Published in final edited form as: Curr Opin HIV AIDS. 2014 Sep;9(5):500–505. doi: 10.1097/COH.0000000000000086

CD8 T cell persistence in treated HIV infection

J C Mudd 1, Michael M Lederman 1
PMCID: PMC4211072  NIHMSID: NIHMS628891  PMID: 25010897

Abstract

Purpose of review

Many treated HIV infected persons maintain persistently high circulating CD8 T cell numbers, even after many years of therapy. Recent reports suggest that persistent CD8 T cell expansion is associated with higher risk of morbid non-AIDS events. Thus, assessing the mechanisms of CD8 T cell expansion and persistence may give insights into a feature of HIV disease that is clinically important.

Recent findings

Acute HIV infection is associated with activation and expansion of the CD8 T cell compartment. Expanded CD8 T cells persist throughout disease course and, in contrast to the plasticity that typically characterizes immune responses to most other pathogens, circulating CD8 T cell numbers do not normalize in many patients despite pharmacological suppression of HIV replication. We suspect that residual inflammation in treated HIV infection contributes to antigen-independent CD8 T cell expansion and persistence as most of these cells are not HIV-reactive.

Summary

Circulating CD8 T cell numbers remain abnormally elevated in many treated HIV-infected patients and this elevation is associated with adverse clinical events. Future studies will need to assess the mechanisms of CD8 T cell expansion and to define the role of CD8 lymphocytosis in the clinical course of treated HIV disease.

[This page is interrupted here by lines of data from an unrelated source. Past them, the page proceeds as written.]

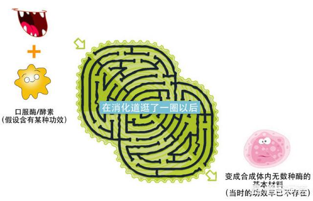接下来我们再来说说酵素是否具有保健效果,从酶来说,酶确实对于生命活动有着巨大的作用,但是酶的本质是蛋白质,口服蛋白质(酶)在胃里后就被胃酸给变性失去原本活性了。所以,不管你吃进去的酶有怎样神奇的功效(假设这种神奇功效是存在的),经过胃酸,胃蛋白酶,各种胰肠蛋白酶,最后大部分都被分解(分解为单个的氨基酸或者几个氨基酸组成的小多肽),原本宣传的功能也早就没有了,起到的作用和我们吃个鸡蛋获得蛋白质并没有什么差别,甚至还不如直接吃鸡蛋呢。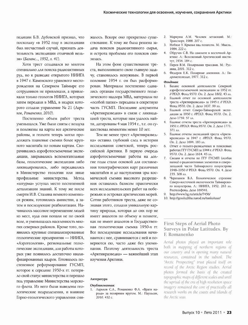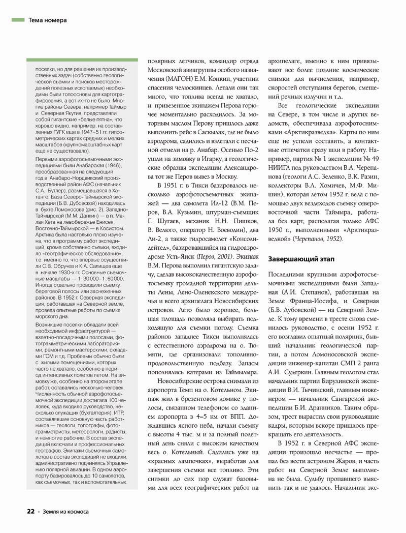 (Ст.н.с., кафедра геоморфологии и палеогеографии, географический факультет МГУ имени М. В. Ломоносова, 119991, г. Москва, Ленинские горы, д. 1, e-mail: faromanenko@mail. ru)Фотографирование Земли из космоса в настоящее время — один из главных методов ее исследования. Географы имеют возможность получать огромное количество разнообразных по разрешению, масштабу, цвету изображений в различных спектральных диапазонах для решения целого комплекса задач. Многие специалисты, особенно молодые и среднего поколения, уже не представляют свою работу без космических снимков, ежедневно обрабатывая их, но очень редко держат в руках небольшие черно-белые квадратные аэрофотоснимки (АФС), часто сохраняющие еще легкий характерный запах фотохимикалий. Их почти не осталось не только в научных и производственных, но и в специализированных картографических организациях, а новые съемки практически все — ведомственные. А между тем именно АФС сыграли главную роль не только в картографировании северных районов нашей страны, но и в открытии многих природных богатств, содержащихся в их недрах. Вспомним некоторые полузабытые или совершенно неизвестные эпизоды развития аэрофотосъемки высоких широт, сыгравшей столь большую роль в развитии нашего Севера. Гигантский труд тысяч людей сейчас практически забыт, как и имена создателей топографических, геологических или навигационных карт — продукта высококвалифицированного синтеза знаний.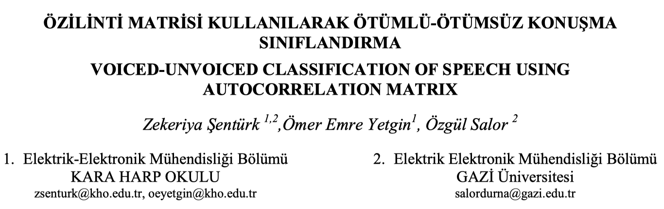 [1] Fisher, E., Tabrikian, J., Dubnov, S., "Generalized likelihoodratio test for voiced-unvoiced decision in noisy speech using the harmonic model," IEEE Transactions on Audio, Speech, and Language Processing, vol.14, no.2, pp. 502- 510, March 2006.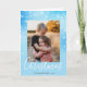 Esta moderna tarjeta de Navidades simples cuenta con copos de nieve sobre un fondo invernal azul claro. Feliz Navidad está escrito en un hermoso guión escrito a mano. Personalice esta tarjeta de Navidades con su foto y nombre de familia.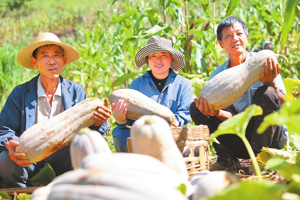 在海拔約1500米的何元鄉(xiāng)組軍門村,“玉米 南瓜 青豌豆”成了村民增收的“金鑰匙”。村民羅玉菊今年在30多畝玉米間種了蜜本南瓜?!懊郾灸瞎夏苜u12萬元左右,玉米能賣3萬元,等南瓜摘完以后就種青豌豆?!绷_玉菊滿臉喜悅地規(guī)劃著下一步的種植打算。

Keywords: Bystander T cell activation, CD8 lymphocytosis, HIV-1, morbidity, mortality

Introduction

The dynamics of the CD8 T cell response largely shape the overall course of viral infections. Upon antigen encounter, virus-specific CD8 T cells become activated and undergo a program of clonal expansion. This expansion phase is accompanied by cellular changes that are controlled at the transcriptional level. The induction of peripheral tissue homing receptors, downregulation of homeostatic cytokine receptors, and upregulation of effector molecules such as granzyme B and perforin are all components of the antiviral CD8 T cell response (13). After the expansion phase, a large proportion of effector cells will die by apoptosis whereas some of the surviving CD8 T cells will go on to form memory (4). Virus-specific memory CD8 T cells regain the capacity to proliferate in response to homeostatic cytokines such as IL-7 and IL-15 and can persist in the absence of antigen, forming a long-lasting protective mechanism upon antigen re-exposure (5, 6).

The loss of virologic control in SIV-infected rhesus macaques treated with CD8-depeleting antibodies highlights the critical importance of CD8 T cells in viral control (7). Acute HIV infection follows similar dynamics of effector CD8 T cell expansion as is seen in other viral infections (810). Unlike other viral infections however, the expansion of the CD8 T cell compartment is not limited only to HIV-reactive cells, and CD8 T cell numbers typically remain elevated throughout the disease course (11, 12). Upon control of viremia with antiretroviral therapy (ART), the expanded CD8 T cell compartment tends to contract a bit yet remains elevated in many persons despite virological suppression, even after many years of therapy (13). In this review, we will discuss the biological and clinical significance of CD8 T cell persistence in HIV infection, touching upon the dynamics of their initial expansion in HIV infection, their phenotypic and functional characteristics, and the potential mechanisms that mediate CD8 T cell persistence in ART-treated HIV infection.

Evidence of bystander CD8 T cell expansion in acute HIV infection

The immune response in acute HIV infection may have a considerable effect on long-term disease course. Marked activation of the CD8 T cell pool is well characterized in primary HIV infection and is partially attributed to the activation of HIV-specific CD8 T cells. Yet even under conditions of high viral replication, HIV-specific CD8 T cells only represent <10% of the total CD8 T cell pool and cannot account for all CD8 T cells that are seen to be activated in acute and chronic infection (14, 15). CD8 T cells reactive to microbes other than HIV are also induced to expand during this period. Some of this may be due the reactivation of latent pathogens such as Cytomegalovirus (CMV) and Epstein-Barr virus (EBV) (16). Yet, CD8 T cells reactive to non-persistent pathogens such as influenza and adenovirus are also induced to expand, implying that CD8 T cell expansion occurs through antigen-independent mechanisms as well (17). In contrast, in the CD4 T cell compartment, expansion of cells reactive to persistent pathogens such as herpes viruses is demonstrable but CD4 T cell responses to non-persistent antigens are unaffected (18). It isn’t clear why bystander expansion occurs in the CD8 T cell compartment but not the CD4 T cell compartment in primary and early HIV infection although the susceptibility of activated CD4 T cells to lytic HIV infection may blunt bystander activation of CD4 T cells in this setting.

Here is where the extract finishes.